Work task — Exactly as written, restate the material below from its first line through the line containing "Bestattung wurde durchgeführt", and stop there.

Excerpted data —
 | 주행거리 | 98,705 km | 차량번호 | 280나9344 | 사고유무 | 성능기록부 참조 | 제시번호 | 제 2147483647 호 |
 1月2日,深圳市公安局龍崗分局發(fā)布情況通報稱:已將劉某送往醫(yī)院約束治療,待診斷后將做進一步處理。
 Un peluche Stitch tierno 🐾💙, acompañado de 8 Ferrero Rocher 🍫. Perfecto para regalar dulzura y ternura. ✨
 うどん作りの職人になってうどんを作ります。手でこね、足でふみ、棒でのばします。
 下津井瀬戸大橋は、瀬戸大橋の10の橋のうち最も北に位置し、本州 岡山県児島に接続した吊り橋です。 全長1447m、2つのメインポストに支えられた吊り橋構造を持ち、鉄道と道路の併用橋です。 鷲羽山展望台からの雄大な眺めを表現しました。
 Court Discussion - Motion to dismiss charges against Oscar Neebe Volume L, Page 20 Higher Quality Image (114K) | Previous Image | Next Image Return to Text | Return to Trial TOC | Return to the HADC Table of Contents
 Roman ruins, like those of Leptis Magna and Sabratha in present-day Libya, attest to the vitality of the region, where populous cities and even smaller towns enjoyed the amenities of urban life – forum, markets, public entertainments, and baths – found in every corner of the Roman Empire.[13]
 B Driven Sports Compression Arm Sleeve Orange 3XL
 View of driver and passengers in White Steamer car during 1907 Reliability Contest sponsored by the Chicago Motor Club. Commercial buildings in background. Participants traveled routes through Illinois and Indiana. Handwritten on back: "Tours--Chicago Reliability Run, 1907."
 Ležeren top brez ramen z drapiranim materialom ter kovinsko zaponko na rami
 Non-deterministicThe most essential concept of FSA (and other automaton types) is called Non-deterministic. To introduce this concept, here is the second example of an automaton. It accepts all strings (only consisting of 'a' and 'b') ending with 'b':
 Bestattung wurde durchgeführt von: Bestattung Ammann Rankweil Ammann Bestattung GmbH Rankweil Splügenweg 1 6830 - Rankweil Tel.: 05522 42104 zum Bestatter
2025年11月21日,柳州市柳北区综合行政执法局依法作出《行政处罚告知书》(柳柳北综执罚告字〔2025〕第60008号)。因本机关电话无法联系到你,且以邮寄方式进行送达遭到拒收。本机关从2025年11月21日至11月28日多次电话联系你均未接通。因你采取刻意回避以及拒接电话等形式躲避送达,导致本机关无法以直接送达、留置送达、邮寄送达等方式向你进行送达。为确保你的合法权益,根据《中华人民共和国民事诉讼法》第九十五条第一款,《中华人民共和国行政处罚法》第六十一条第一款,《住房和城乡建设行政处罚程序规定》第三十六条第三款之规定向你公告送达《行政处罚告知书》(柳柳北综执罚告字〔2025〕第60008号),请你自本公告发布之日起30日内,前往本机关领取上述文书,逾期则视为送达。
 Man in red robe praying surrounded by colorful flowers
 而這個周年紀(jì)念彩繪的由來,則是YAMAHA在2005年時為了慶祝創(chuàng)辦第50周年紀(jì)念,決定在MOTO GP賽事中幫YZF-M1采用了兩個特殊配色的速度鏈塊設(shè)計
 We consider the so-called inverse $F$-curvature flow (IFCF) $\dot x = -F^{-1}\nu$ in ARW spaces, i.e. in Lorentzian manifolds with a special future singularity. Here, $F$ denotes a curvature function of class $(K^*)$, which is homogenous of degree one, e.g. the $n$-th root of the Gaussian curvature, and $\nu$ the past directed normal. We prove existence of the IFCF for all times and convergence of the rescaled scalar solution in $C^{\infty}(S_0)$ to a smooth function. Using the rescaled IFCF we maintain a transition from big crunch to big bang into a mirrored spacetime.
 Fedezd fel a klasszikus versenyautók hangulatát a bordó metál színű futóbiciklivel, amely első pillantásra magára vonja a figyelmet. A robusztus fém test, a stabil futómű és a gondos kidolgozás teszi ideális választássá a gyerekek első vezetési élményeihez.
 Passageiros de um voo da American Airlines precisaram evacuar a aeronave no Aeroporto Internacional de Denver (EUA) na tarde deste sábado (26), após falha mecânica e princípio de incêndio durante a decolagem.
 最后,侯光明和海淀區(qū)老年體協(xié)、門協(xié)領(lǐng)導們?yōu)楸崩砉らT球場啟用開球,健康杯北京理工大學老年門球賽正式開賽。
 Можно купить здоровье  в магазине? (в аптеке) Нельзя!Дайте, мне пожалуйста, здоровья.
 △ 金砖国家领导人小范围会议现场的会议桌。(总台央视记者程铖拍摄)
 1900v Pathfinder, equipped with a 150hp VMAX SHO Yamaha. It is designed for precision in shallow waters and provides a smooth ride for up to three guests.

Your response —
 | 주행거리 | 98,705 km | 차량번호 | 280나9344 | 사고유무 | 성능기록부 참조 | 제시번호 | 제 2147483647 호 |
 1月2日,深圳市公安局龍崗分局發(fā)布情況通報稱:已將劉某送往醫(yī)院約束治療,待診斷后將做進一步處理。
 Un peluche Stitch tierno 🐾💙, acompañado de 8 Ferrero Rocher 🍫. Perfecto para regalar dulzura y ternura. ✨
 うどん作りの職人になってうどんを作ります。手でこね、足でふみ、棒でのばします。
 下津井瀬戸大橋は、瀬戸大橋の10の橋のうち最も北に位置し、本州 岡山県児島に接続した吊り橋です。 全長1447m、2つのメインポストに支えられた吊り橋構造を持ち、鉄道と道路の併用橋です。 鷲羽山展望台からの雄大な眺めを表現しました。
 Court Discussion - Motion to dismiss charges against Oscar Neebe Volume L, Page 20 Higher Quality Image (114K) | Previous Image | Next Image Return to Text | Return to Trial TOC | Return to the HADC Table of Contents
 Roman ruins, like those of Leptis Magna and Sabratha in present-day Libya, attest to the vitality of the region, where populous cities and even smaller towns enjoyed the amenities of urban life – forum, markets, public entertainments, and baths – found in every corner of the Roman Empire.[13]
 B Driven Sports Compression Arm Sleeve Orange 3XL
 View of driver and passengers in White Steamer car during 1907 Reliability Contest sponsored by the Chicago Motor Club. Commercial buildings in background. Participants traveled routes through Illinois and Indiana. Handwritten on back: "Tours--Chicago Reliability Run, 1907."
 Ležeren top brez ramen z drapiranim materialom ter kovinsko zaponko na rami
 Non-deterministicThe most essential concept of FSA (and other automaton types) is called Non-deterministic. To introduce this concept, here is the second example of an automaton. It accepts all strings (only consisting of 'a' and 'b') ending with 'b':
 Bestattung wurde durchgeführt von: Bestattung Ammann Rankweil Ammann Bestattung GmbH Rankweil Splügenweg 1 6830 - Rankweil Tel.: 05522 42104 zum Bestatter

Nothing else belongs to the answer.